Though we have the ability to read Seed in any order we might like, each section is up to five pages long, and therefore requires us to read chronologically for a far greater length of time than hypertexts of the nineties do. Whether this can be attributed to the now mainstream nature of micro-textual formats, which requires literature to aspire to something else is probably a question for others to answer. Personally speaking, if writers working digitally can produce works as good as Seed, I won’t be unduly detained by the sociological reasonings why.

How big are the words modernists use?

It’s a fairly straightforward question to ask, one which most literary scholars would be able to provide a halfway decent answer to based on their own readings. Ernest Hemingway, Samuel Beckett and Gertrude Stein more likely to use short words, James Joyce, Marcel Proust and Virginia Woolf using longer ones, the rest falling somewhere between the two extremes.

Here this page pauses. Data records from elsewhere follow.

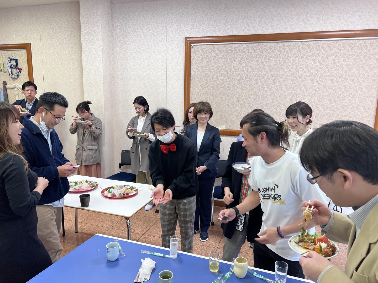 せっかくなので、お昼もみんなでワイワイしよう!ということで、今年はランチパーティーも開催しました。実はこの手巻き寿司のお魚は、当初釣りが趣味の川野社長が釣ったお魚で手巻き寿司をする予定だったのですが、お魚の鮮度の関係で社長の近所の漁場から新鮮なお魚を手配していただきました。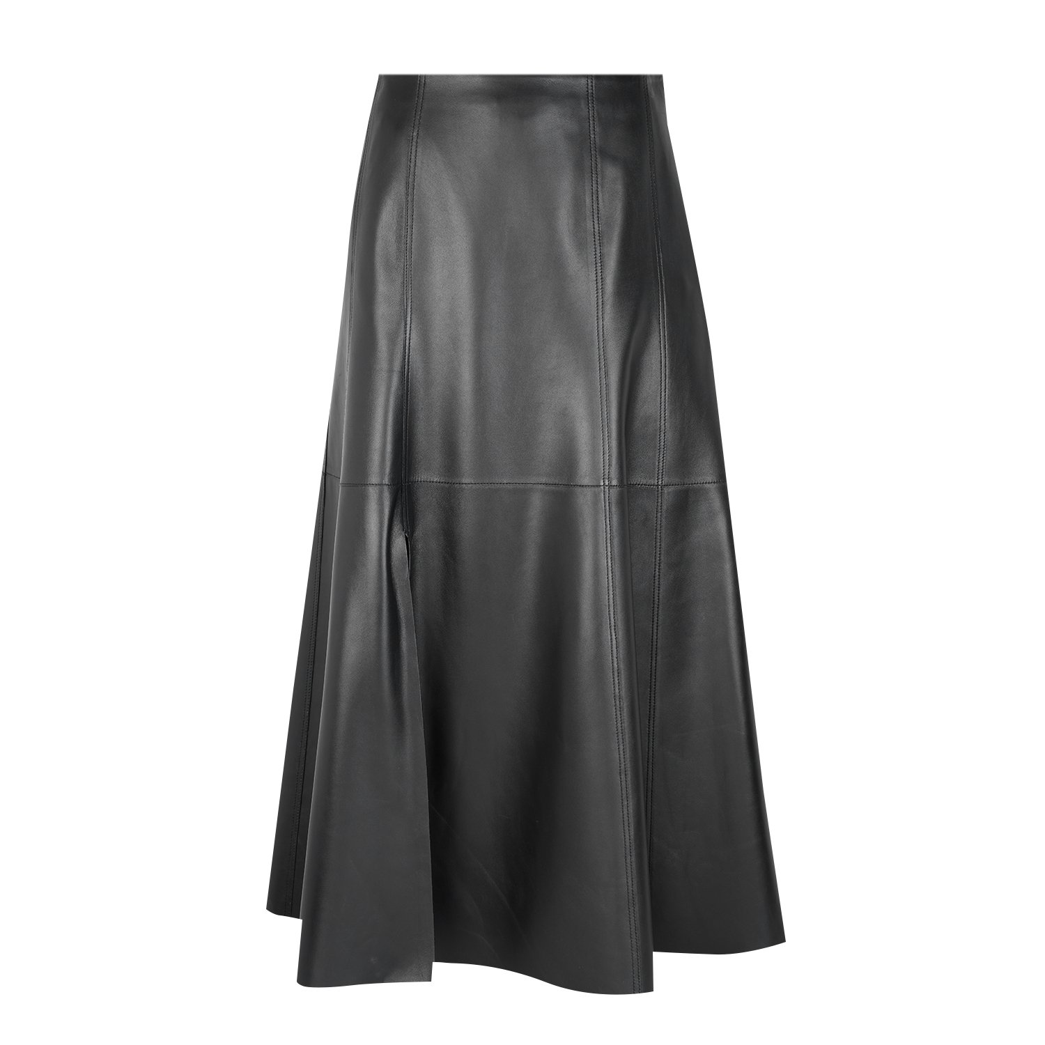 Aulii Siyah Kadın Yırtmaçlı Deri Etek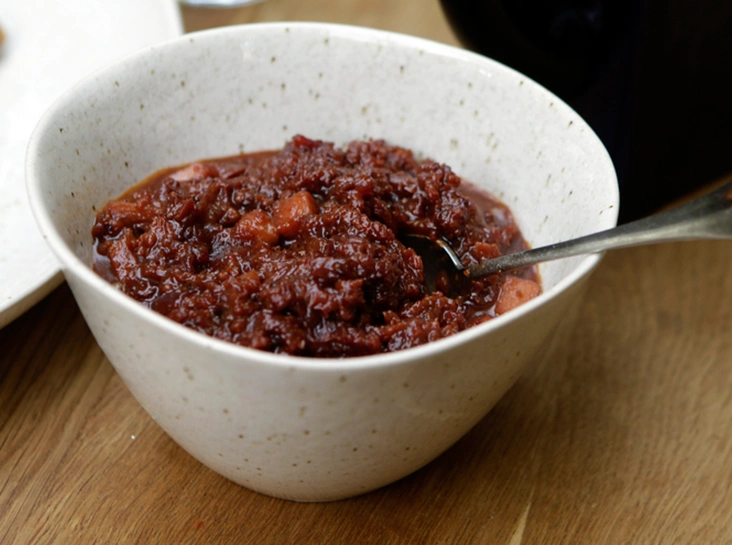 Соус мостарда ─ тоже итальянец. Очень часто мостарду называют вареньем ─ из-за практически идентичного процесса приготовления. Он, кстати, единственное, что может помешать вам насладиться насыщенным пряным вкусом здесь и сейчас: чтобы побаловать гостей мостардой, придется ждать недели 3-4, пока она настоится. Видом мостарды великое множество: так, в одном рецепте соуса фрукты варят целиком, а другой готовится на основе винного сусла. Мы предлагаем промежуточный вариант на основе винограда, который завораживает свои волшебным сладко-пряным коричным ароматом.

Most Natural Language Processing textbooks or introductions to quantitative literary analysis demonstrate how the most frequently occurring words in a corpus will decline at a rate of about 50%, i.e. the most frequently occurring term will appear twice as often as the second, which is twice as frequent as the third, and so on and so on. I was curious to see whether another process was at work for word lengths, and whether we can see a similar decline at work in modernist novels, or whether more ‘experimental’ authors visibly buck the trend. With some fairly elementary analysis in NLTK, and data frames over into R, I generated a visualisation which looked nothing like this one.*

*The previous graph had twice as many authors and was far too noisy, with not enough distinction between the colours to make it anything other than a headwreck to read.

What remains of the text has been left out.